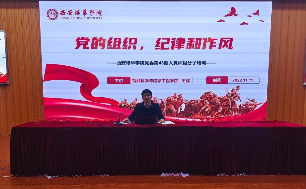 第一讲《党的组织、纪律和作风》,主讲人:智能科学与信息工程学院党总支书记 王林
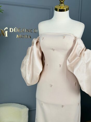 - Kenzel Kolları Taş Detaylı Saten Abiye Elbise-9066
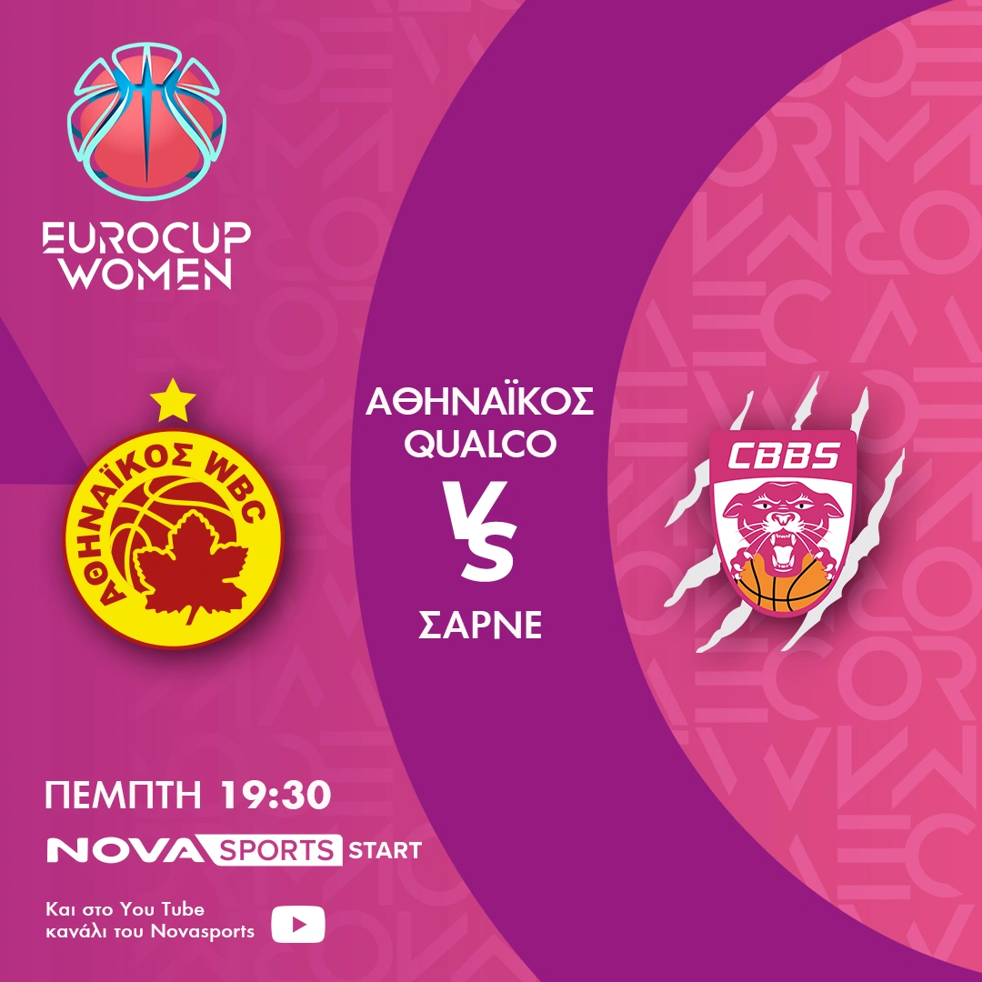 19:30 EuroCup Γυναικών: Αθηναϊκός Qualco-Σαρνέ Novasports Start σε περιγραφή του Γιάννη Πάγκου και ρεπορτάζ του Ευγένιου Δαδαλιάρα
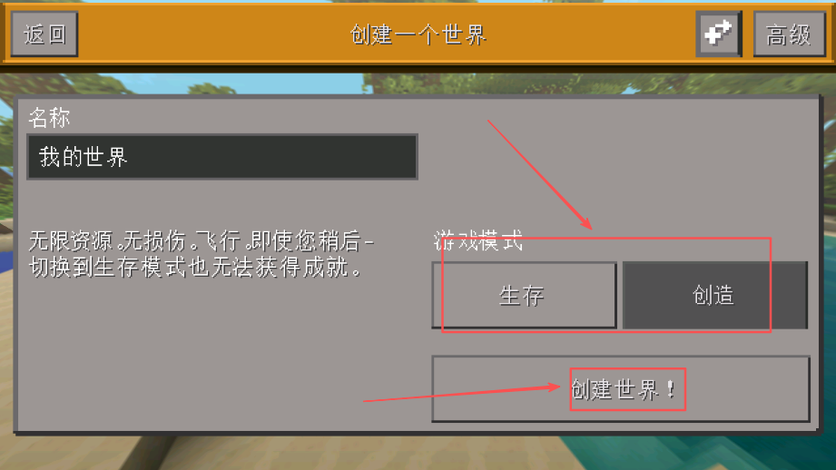 1、进入游戏选择创造模式开始自由建造各种建筑和设施,规划自己的梦想世界布局设计。
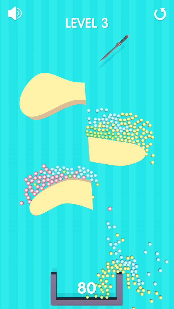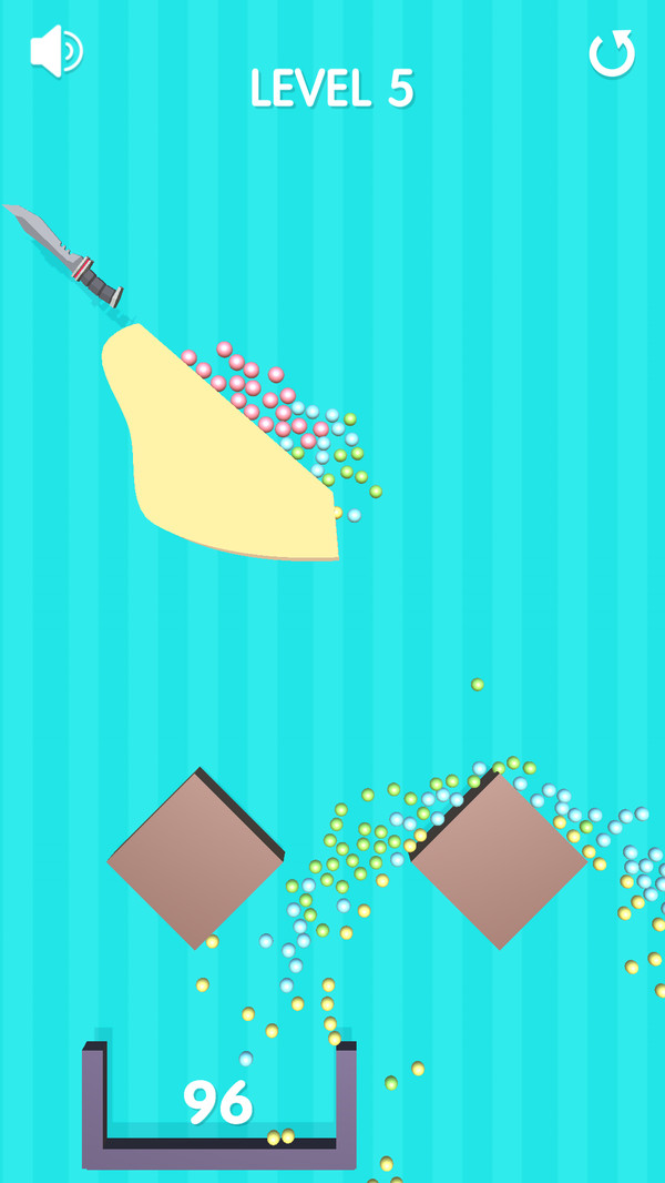 玩家需要利用小刀将小球移动到容器里,这里的每次切割都非常的关键,千万不能够随便就切割,因为很可能你的小球会无法进入到容器内,所以大家在每次割这个小球袋子的地方需要慎重的考虑,怎么样才能让小球顺利的落入到容器当中,途中会遇到各种障碍物,玩家需要灵活躲避,仔细辨别方向,尽可能将小球全部滚动到容器里,非常考验玩家的反应能力,趣味多多,快来下载吧!
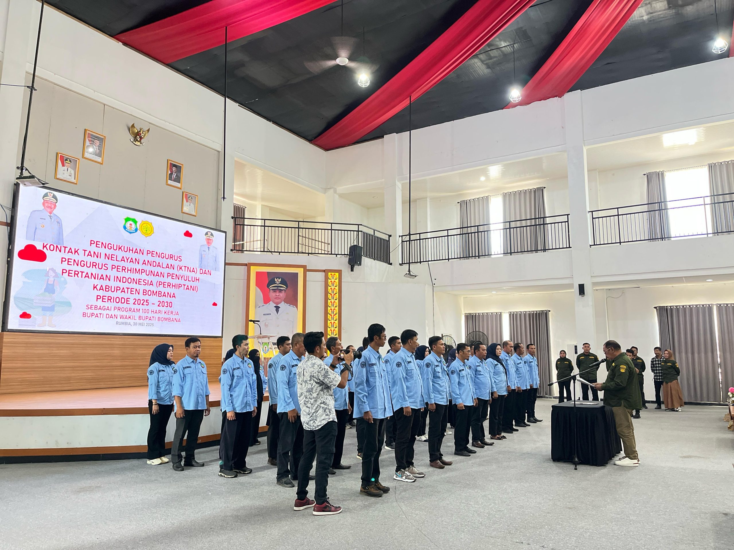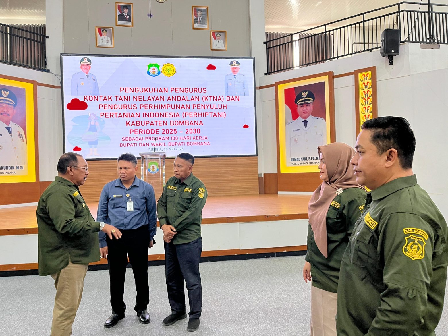 Urbantalk.id | Bombana – Bupati Bombana, Ir. H. Burhanuddin, M.Si secara resmi mengukuhkan pengurus Kontak Tani Nelayan Andalan (KTNA) dan Perhimpunan Penyuluh Pertanian Indonesia (Perhiptani) Kabupaten Bombana Masa Bakti 2025-2029 dalam sebuah seremoni yang berlangsung di Aula Tanduale, Kantor Bupati Bombana, Jumat (30/5).
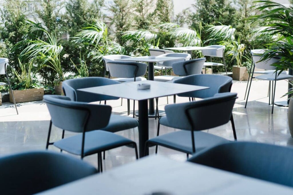 La estructura de las mesitas es elaborada de madera de fresno y se adaptan a mármol o madera, además los asientos son tapizados con tejidos los cuales harán lucir los espacios ya que sus colores brillantes nos transportan a sol y la playa.
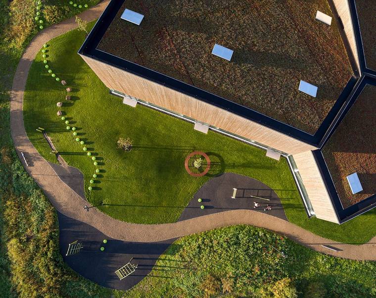 室內(nèi)的墻壁上安裝著永久攀巖設(shè)施。其明亮的彩色面板讓色彩單一的室內(nèi)空間變得活躍起來。“這是當(dāng)?shù)伢w育和社交活動(dòng)的場所,所以創(chuàng)意和娛樂活動(dòng)都可以在這里進(jìn)行?!盢ORD Architects合伙人Johannes Molander Pedersen補(bǔ)充道?!斑@座建筑結(jié)構(gòu)輕盈,符合城市地區(qū)的開放性和不可預(yù)測性,我們相信它會(huì)為城市帶來社會(huì)活力。”入口是建筑物的最低點(diǎn),它具有人性化尺度,并對當(dāng)?shù)厣鐓^(qū)和路人呈現(xiàn)出宜人的歡迎感。使用者從建筑的入口處延伸出來的玻璃窗可以看到周圍公園的活動(dòng)區(qū)域。玻璃窗上方均覆蓋有垂直木板,為建筑帶來均勻的美感,因此這座建筑并沒有明確的主立面。木質(zhì)屋頂讓建筑與公園的環(huán)境更加融合,并配有綠化屋頂,為該地區(qū)增添了綠色植物。
= = = =
* Task to carry out *
Could the data above be repeated exactly, with every picture dropped?

* Answer space *
 第一讲《党的组织、纪律和作风》,主讲人:智能科学与信息工程学院党总支书记 王林
 - Kenzel Kolları Taş Detaylı Saten Abiye Elbise-9066
 19:30 EuroCup Γυναικών: Αθηναϊκός Qualco-Σαρνέ Novasports Start σε περιγραφή του Γιάννη Πάγκου και ρεπορτάζ του Ευγένιου Δαδαλιάρα
 1、进入游戏选择创造模式开始自由建造各种建筑和设施,规划自己的梦想世界布局设计。
 玩家需要利用小刀将小球移动到容器里,这里的每次切割都非常的关键,千万不能够随便就切割,因为很可能你的小球会无法进入到容器内,所以大家在每次割这个小球袋子的地方需要慎重的考虑,怎么样才能让小球顺利的落入到容器当中,途中会遇到各种障碍物,玩家需要灵活躲避,仔细辨别方向,尽可能将小球全部滚动到容器里,非常考验玩家的反应能力,趣味多多,快来下载吧!
 Urbantalk.id | Bombana – Bupati Bombana, Ir. H. Burhanuddin, M.Si secara resmi mengukuhkan pengurus Kontak Tani Nelayan Andalan (KTNA) dan Perhimpunan Penyuluh Pertanian Indonesia (Perhiptani) Kabupaten Bombana Masa Bakti 2025-2029 dalam sebuah seremoni yang berlangsung di Aula Tanduale, Kantor Bupati Bombana, Jumat (30/5).
 La estructura de las mesitas es elaborada de madera de fresno y se adaptan a mármol o madera, además los asientos son tapizados con tejidos los cuales harán lucir los espacios ya que sus colores brillantes nos transportan a sol y la playa.
 室內(nèi)的墻壁上安裝著永久攀巖設(shè)施。其明亮的彩色面板讓色彩單一的室內(nèi)空間變得活躍起來。“這是當(dāng)?shù)伢w育和社交活動(dòng)的場所,所以創(chuàng)意和娛樂活動(dòng)都可以在這里進(jìn)行?!盢ORD Architects合伙人Johannes Molander Pedersen補(bǔ)充道?!斑@座建筑結(jié)構(gòu)輕盈,符合城市地區(qū)的開放性和不可預(yù)測性,我們相信它會(huì)為城市帶來社會(huì)活力。”入口是建筑物的最低點(diǎn),它具有人性化尺度,并對當(dāng)?shù)厣鐓^(qū)和路人呈現(xiàn)出宜人的歡迎感。使用者從建筑的入口處延伸出來的玻璃窗可以看到周圍公園的活動(dòng)區(qū)域。玻璃窗上方均覆蓋有垂直木板,為建筑帶來均勻的美感,因此這座建筑并沒有明確的主立面。木質(zhì)屋頂讓建筑與公園的環(huán)境更加融合,并配有綠化屋頂,為該地區(qū)增添了綠色植物。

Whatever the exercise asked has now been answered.